> [LISTED RECORDS]

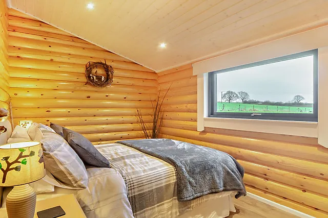 The cabin harmoniously blends rustic charm with modern amenities, including a fully equipped kitchen and a wood burner for those cooler evenings.
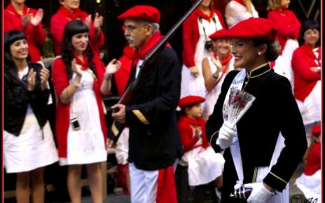 Año 2008. Erika Pikabea Aiestarán. Cantinera de la Compañía Jaizubia del Alarde de Hondarribia desfilando en el monte el año 2008.
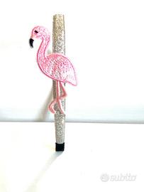 2) Cerchietto glitterato color argento con fenicottero
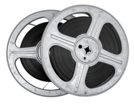 Stack of Two Classic Film Reels, top-down view, isolated on transparent background
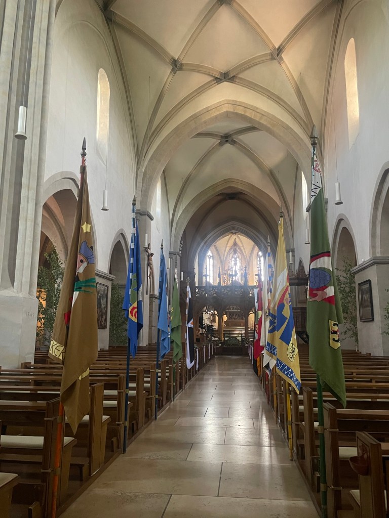 We made our way uphill to visit the beautiful St. Stephen’s Cathedral, perched above the town. The walk was steep but worth it—the views from the top were stunning, with sweeping sights over the Rhine and into France on the other side. The church itself was peaceful and full of history, with stained glass windows and old stone walls that carried a quiet sense of reverence.

> [ACTIVITY] Write out the listing word for word, omitting the pictures it holds.

> [EXPECTED OUTPUT]
 The cabin harmoniously blends rustic charm with modern amenities, including a fully equipped kitchen and a wood burner for those cooler evenings.
 Año 2008. Erika Pikabea Aiestarán. Cantinera de la Compañía Jaizubia del Alarde de Hondarribia desfilando en el monte el año 2008.
 2) Cerchietto glitterato color argento con fenicottero
 Stack of Two Classic Film Reels, top-down view, isolated on transparent background
 We made our way uphill to visit the beautiful St. Stephen’s Cathedral, perched above the town. The walk was steep but worth it—the views from the top were stunning, with sweeping sights over the Rhine and into France on the other side. The church itself was peaceful and full of history, with stained glass windows and old stone walls that carried a quiet sense of reverence.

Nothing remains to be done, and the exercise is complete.